Tempting for that Hadean EB-9705 NM. Im mean just to have one around to lay tracks with if needed.


----------



## Nile (Dec 10, 2012)

HeHasTheJazzHands said:


>



That is some damn sex for the money. Bare wood and its all nicely rounded off to compliment the body style. That lower horn I also really like.


----------



## Nile (Dec 10, 2012)

BucketheadRules said:


> I know Rondo is hit and miss generally, but are the cheaper lines particularly bad?



If it is anything like the SX line, all it needs is some replacement hardware/electronics and some fretwork and they were good to go. But these are more comparable to the Douglas line, I mean the superstrat even has the old Spad wiring diagram on the page. They typically had slightly less hit or miss fretwork and they didn't have monstrous neck sizes like I heard about on the SX strats.


----------



## Konfyouzd (Dec 10, 2012)

I'm imagining the worst thing about that fretless guitar is probably gonna be the sustain... And I dunno about anyone else, but I feel like a trem on a fretless could be fun... I'd still wanna whammy harmonics from time to time, I'm sure...


----------



## bradthelegend (Dec 10, 2012)

Adeamus said:


> Shit. $99 for the fretless? Thats so cheap it scares me.

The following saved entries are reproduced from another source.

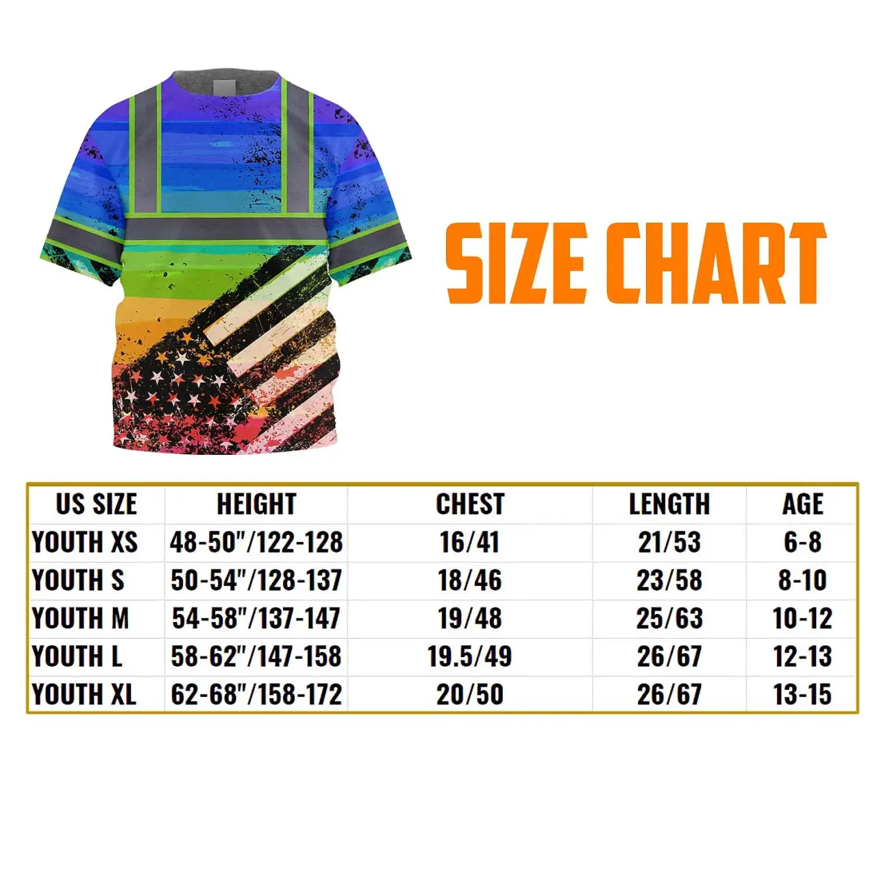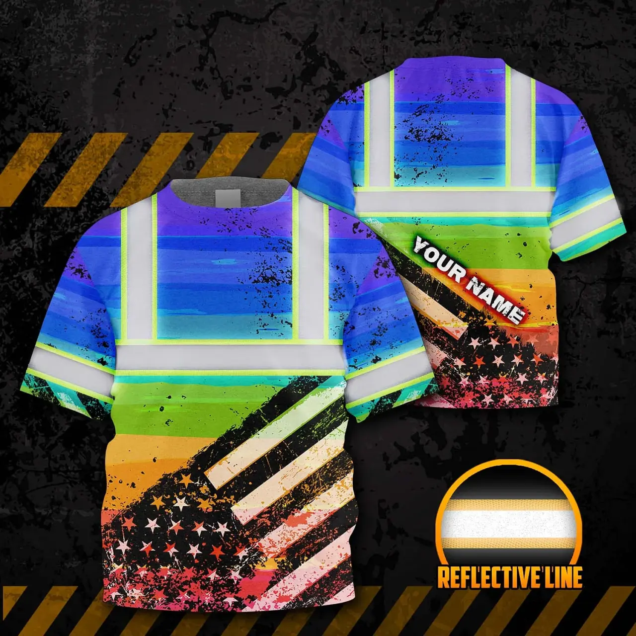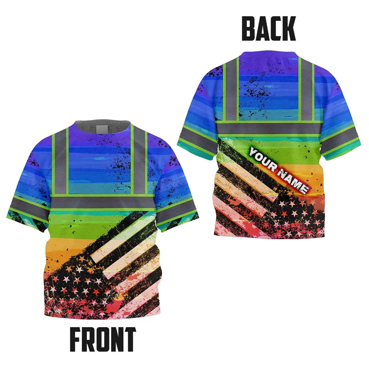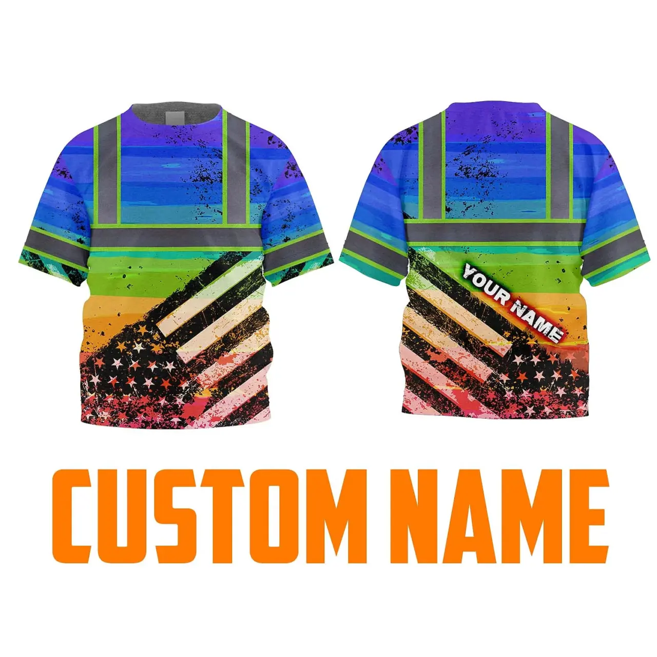 Hi Vis Shirt Reflective Tapes Rainbow US Flag Paint Custom Name For Kids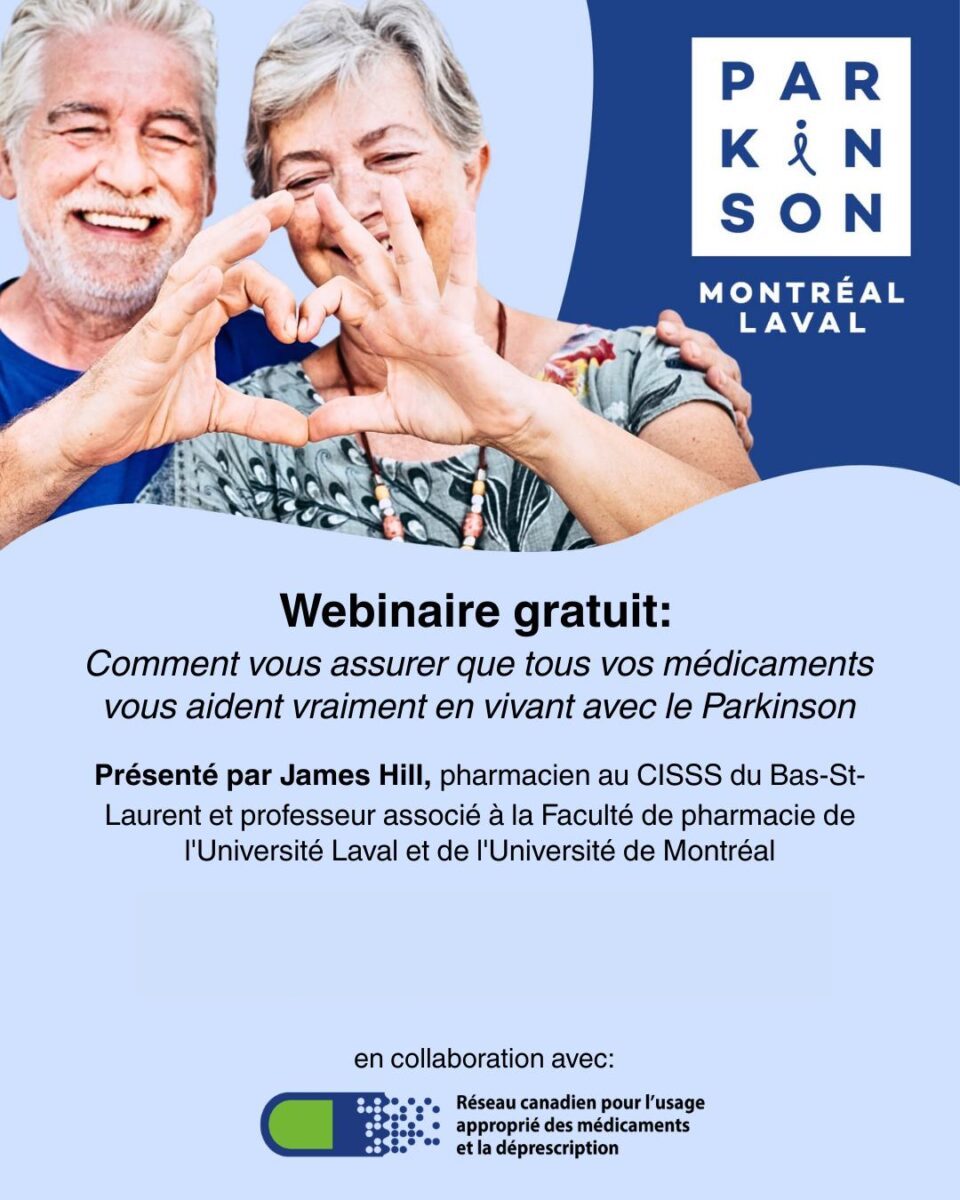 Au cours de cette présentation, vous apprendrez les principes d’une utilisation sécuritaire des médicaments en vivant avec le Parkinson, et comment repérer ceux qui pourraient vous causer des effets néfastes. Vous verrez aussi comment reconnaître si un médicament n’est peut-être plus adapté à votre situation personnelle.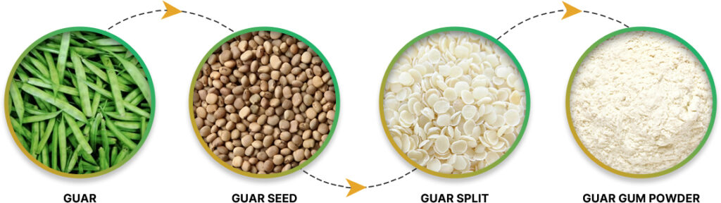 Guar Gum, also called guaran, is derived from endosperm of the guar plant (Cyamopsis tetragonolobus). Guar is a legume crop, which grows best in sandy soils and needs moderate, intermittent rainfall with lots of sunshine.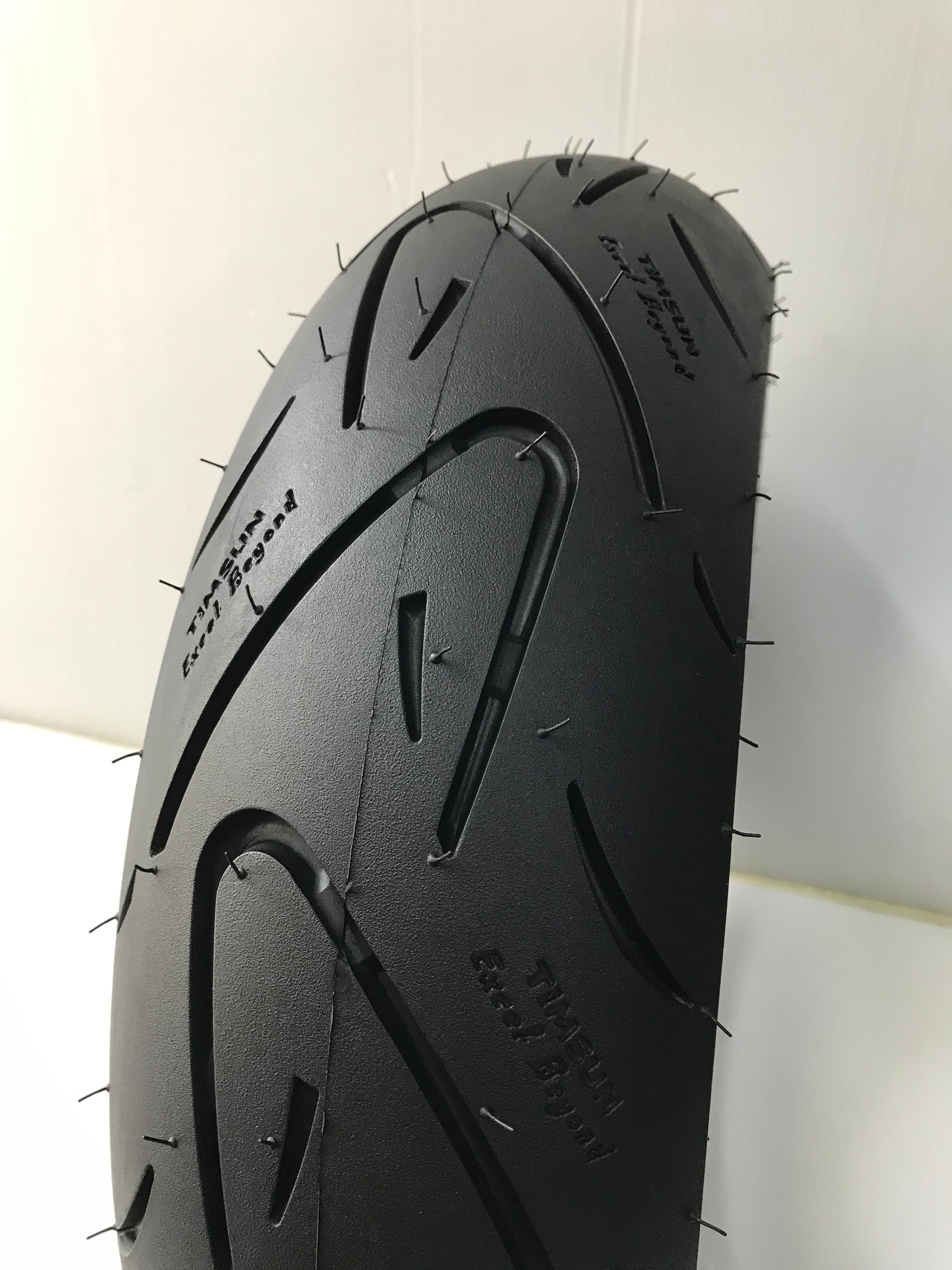 フュージョンのフロント扁平タイヤです。サイズはローダウン定番のフロントサイズ110/70-12。TIMSUN製。ストリートハイグリップ。ウェットグリップ性能と耐摩耗アップ。スピードメーターの誤差が発生します。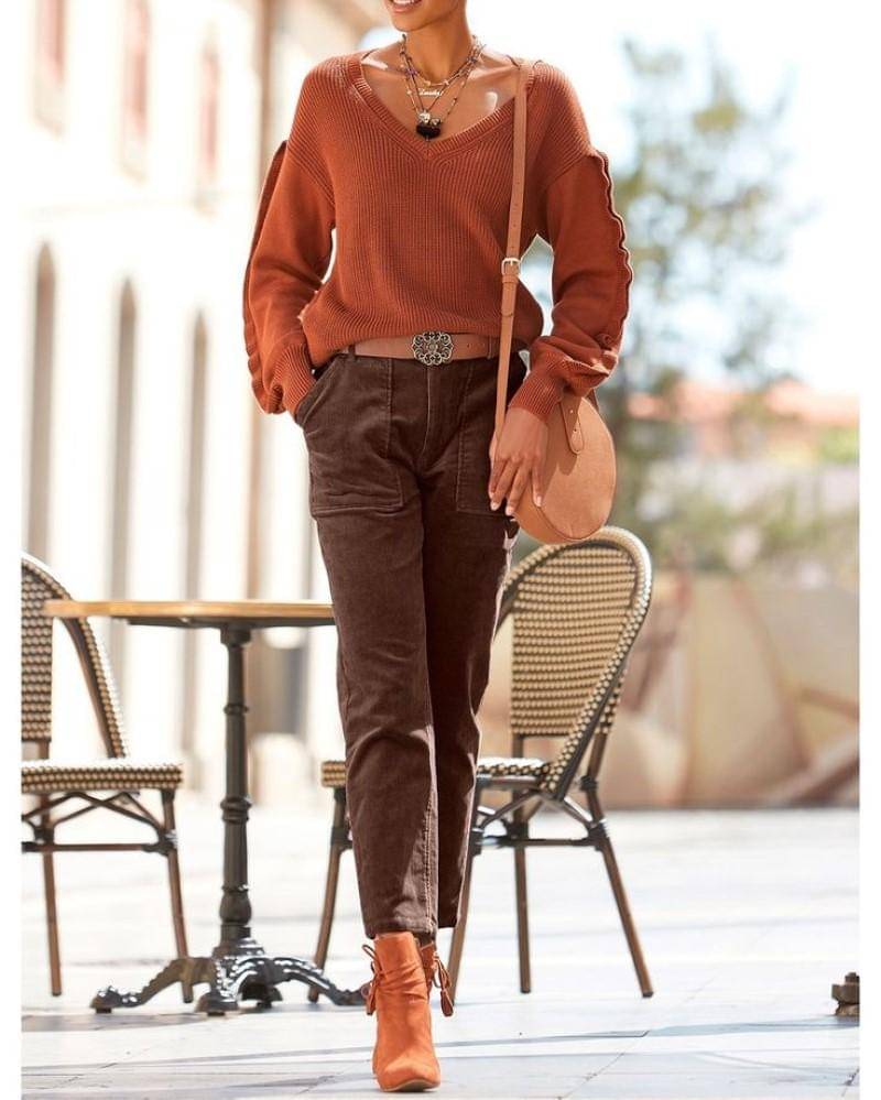 Masih dari warna turunan cokelat, ada baju orange tua yang cocok juga untuk dipadankan dengan celana cokelat.
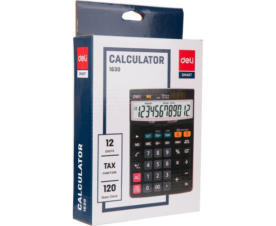 Калькулятор настольный, E1630, 188x140 мм, черныйБухгалтерский калькулятор Deli 1630 настольный в пластиковом корпусе с 12-разрядным ЖК-дисплеем. Имеет оптимальный набор вычислительных функций: основные математические операции, расчет процентов, извлечение квадратного корня, запоминание промежуточных результатов, вычисление налога и наценки. Позволяет корректировать введенное число. Удобная клавиатура снабжена кнопкой ввода двойного нуля. В калькуляторе имеется два источника питания. Размеры: 188х140х44 мм. В комплекте 1 батарейка LR44. 2VTB13

It's probably so cheap because they didn't have to pay to put frets on it......right?


----------



## McGilli (Dec 12, 2012)

As soon as I saw that fretless I ordered it. I've bought fretless from Rondo/Kurt before and it has all been excellent, works great in live performance. Mind you, that was an Agile.

But ya for $99, it'll be perfect for what I need.

I've never seen painted fretboards like that before, are they starting to gain traction or is it just a one off type thing?


----------



## McGilli (Dec 12, 2012)

Konfyouzd said:


> I'm imagining the worst thing about that fretless guitar is probably gonna be the sustain... And I dunno about anyone else, but I feel like a trem on a fretless could be fun... I'd still wanna whammy harmonics from time to time, I'm sure...



I use fretless for my music on occasion. And really, sustain is a double edged sword I've found. You need the action to be fairly high to get sustain, but at the cost of not being able to press down on the first fret very well.

If you lower the action, it's more playable, but you lose the sustain.

I like to get my guitars some custom inlay work, and my last fretless I had him file down the nut and I have regretted it ever since. Bad sustain now.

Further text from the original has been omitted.